With increased adoption comes increased workloads. Customers are not only migrating their monoliths to Kubernetes, but also creating entirely new applications on top of Kubernetes. As a result, we can expect average deployment size to increase over the coming months.
Kubernetes adoption will enable cloud adoption.
Universal support for Kubernetes from the cloud giants suggests there is something in it for them. As more customers begin to deliver their applications in containers instead of in virtual machines, they’ll be able to run their applications in more cloud providers, ensuring that high-availability versions of the applications are easy to build. Additionally, customers will have more opportunities to migrate software that had been stuck on-premise to the cloud.
Kubernetes could also be just the thing for customers crafting a hybrid multi-cloud approach. The portability of the Kubernetes API to all multiple environments will serve to standardize the tools customers use, increase productivity, and reduce friction separating applications across different cloud providers. We’re hearing customers becoming more concerned with cloud provider lock-in. Portability provided by Kubernetes offers a promising solution.
Complexity associated with Kubernetes will be mitigated by the rise of Kubernetes-supported platforms.
Our customers are leveraging managed services such as Google Kubernetes Engine (GKE), Azure Kubernetes Service (AKS) and Amazon Elastic Container Service (EKS). One advantage: Not having to install or manage your own Kubernetes clusters is a huge time saver.

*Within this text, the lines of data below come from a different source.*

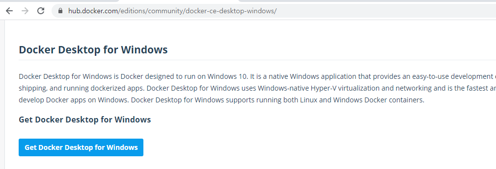 윈도우용 도커 데스크탑은 마이크로소프트 윈도우용 Community 버전이다. 도커 허브로부터 윈도우즈용 도커 데스크탑을 다운로드받을 수 있다. 본 튜토리얼은 Windows 10 프로, 엔터프라이즈에 도커를 설치하는 내용으로, 홈버전 사용자의 경우 Install Docker Desktop on Windows Home을 참고한다.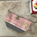 少しづつ大切にしまっておいた小さなハギレをパッチワークして作った巾着袋。最後まで大切に生地を使いたかったので、このサイズの巾着袋になりました。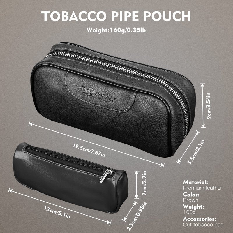 - The tobacco pipe bag outskirts is made of Leather,the inner cloth and the built-in tobacco bags are made with PU leather,fashionable atmosphere.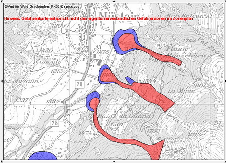 Die Gefahren durch Lawinen, Hochwasser, Steinschlag und Rutschung werden in Gefahrenkarten festgehalten. Sie werden für den Siedlungsbereich ausgeschieden. Soweit sie bereits digital vorhanden sind, können sie im Mapservice des Kantons eingesehen werden.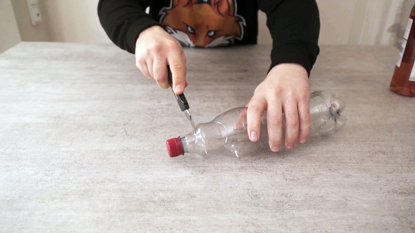 Оставляем под крышкой ПЭТ-бутылки по высоте примерно 2-3 см горлышка и удаляем остальную часть с помощью острого канцелярского ножа. Затем открываем традиционным способом с помощью штопора винную бутылку и удаляем корковую пробку.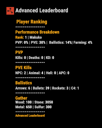 Advanced Leaderboard is the ultimate statistics and ranking plugin for Rust servers, offering comprehensive player tracking across PVP, PVE, Ballistics, and Gathering activities. Give your players meaningful progression tracking and competitive leaderboards that keep them engaged and coming back for more!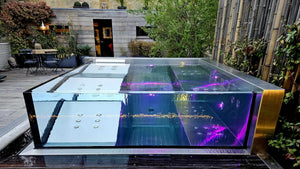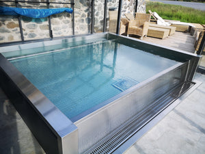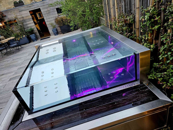 Les parois en verre et PMMA intégrées dans les spas Steel and Style subliment l’expérience aquatique en apportant une transparence exceptionnelle. Le verre, reconnu pour sa solidité et sa clarté, offre une vision nette et durable, parfaite pour mettre en valeur l’eau et créer une connexion visuelle avec l’environnement extérieur.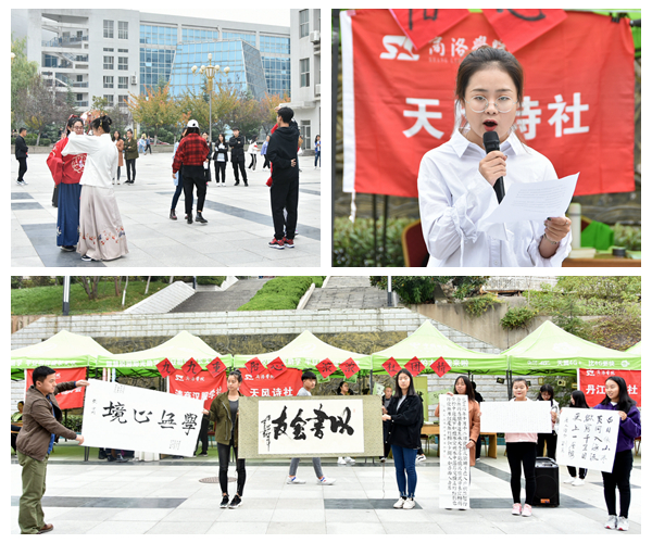 举行“九九重阳心浓浓社团情”文艺演出。清商汉服学社、书画协会、丹江文学社等社团在学校一号教学楼后的玉兰广场表演了精彩的文艺节目,以“文”“舞”结合演绎中国传统文化的绚烂多彩,为重阳佳节增彩助兴,吸引了众多师生驻足欣赏。活动现场,汉服爱好者以灵动曼妙之姿将汉服之美、民族经典演绎的淋漓尽致;天风诗社成员现场解读词作《阮郎归》,声情并茂、情真意切地展现了中华诗词的优美雅致;书法表演者以行云流水的笔法,与观众一同品味书法墨香、传承经典文化。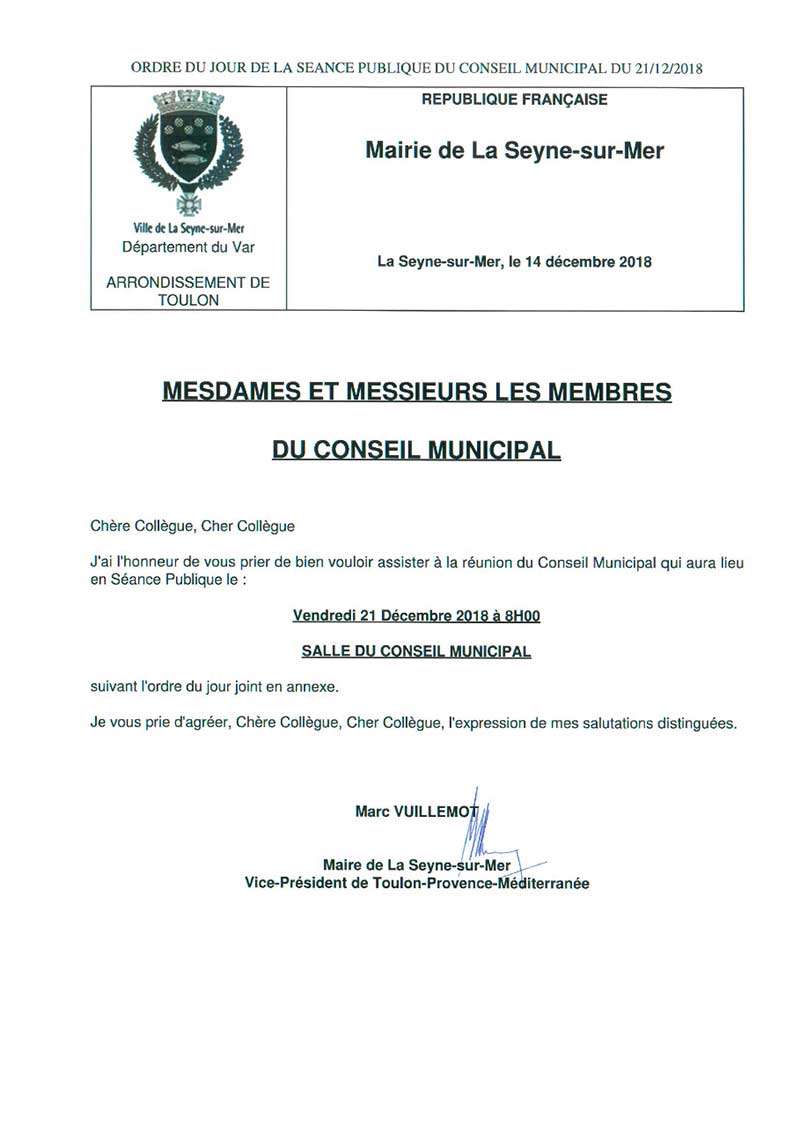 L'Ordre du Jour du Conseil municipal de La Seyne sur Mer du 21/12/2018 - Veuillez trouver ci-joint l'ordre du jour et l'invitation au prochain conseil municipal, vendredi 21 décembre 2018 à 8 heures en salle du conseil municipal de l'Hôtel de Ville.
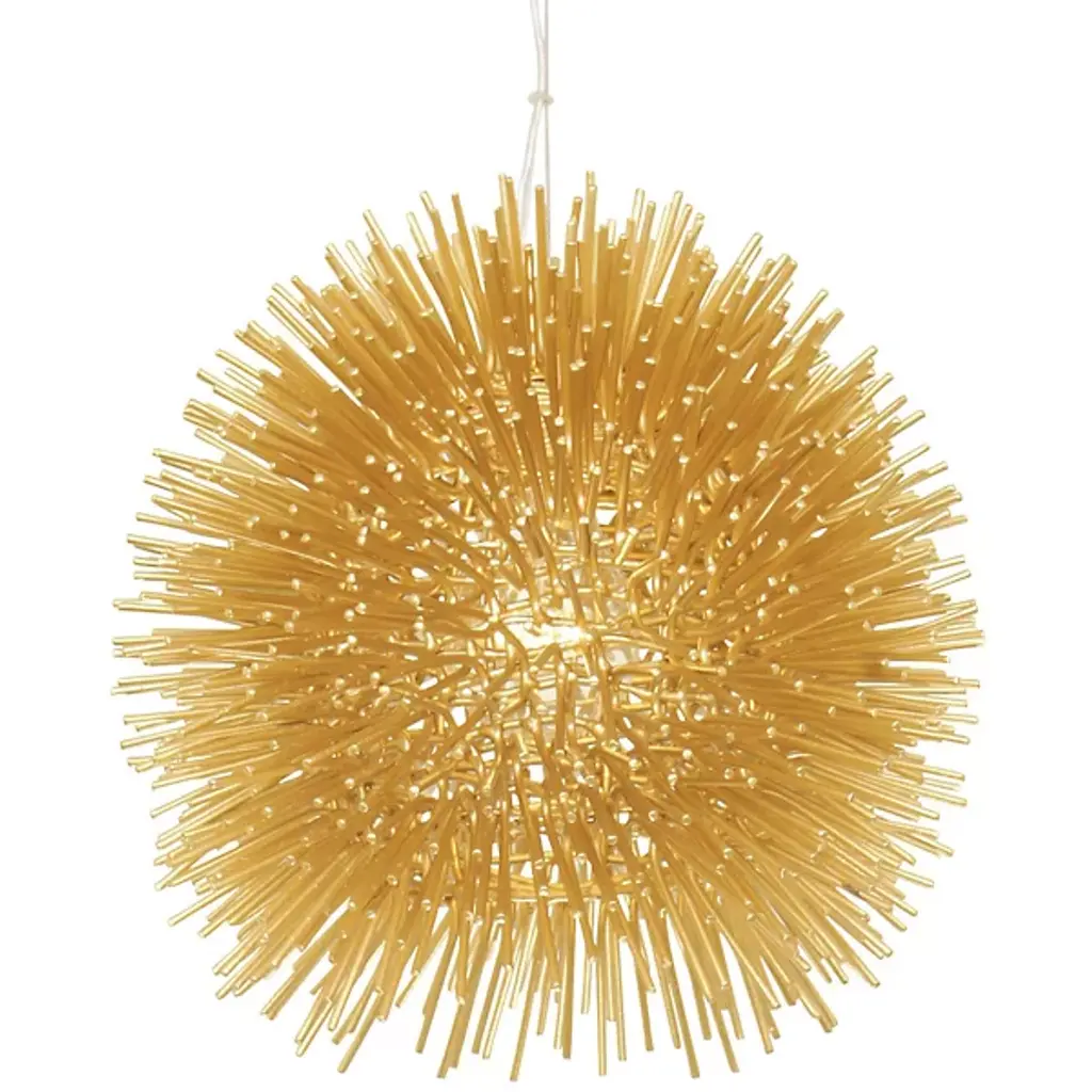 Despite its appearance, the Varaluz Urchin Mini Pendant creates a surprisingly friendly glow. It's inspired by the spiny sea creature itself and features spines composed of recycled steel. The steel is bent around a metal cage which gives it its shape. Hang several different finish combos together for a truly magical effect.

But not all of these platforms are public cloud-based. Kubernetes and containers have limited connections to service-to-service communication from a routing, security, or discovery perspective. Emerging open source projects such as Istio (backed by major players including Lyft, IBM, and Google) handle many service-to-service communication functions by integrating them into the network in a language-agnostic way. This service mesh allows developers to focus on business logic and worry less about where the application itself is running. We’re hearing more interest in Istio and anticipate more adoption of it across our customer base.
Will these predictions come to pass? Check back with us in six months or so for an updated look at how New relic customers are using Kubernetes.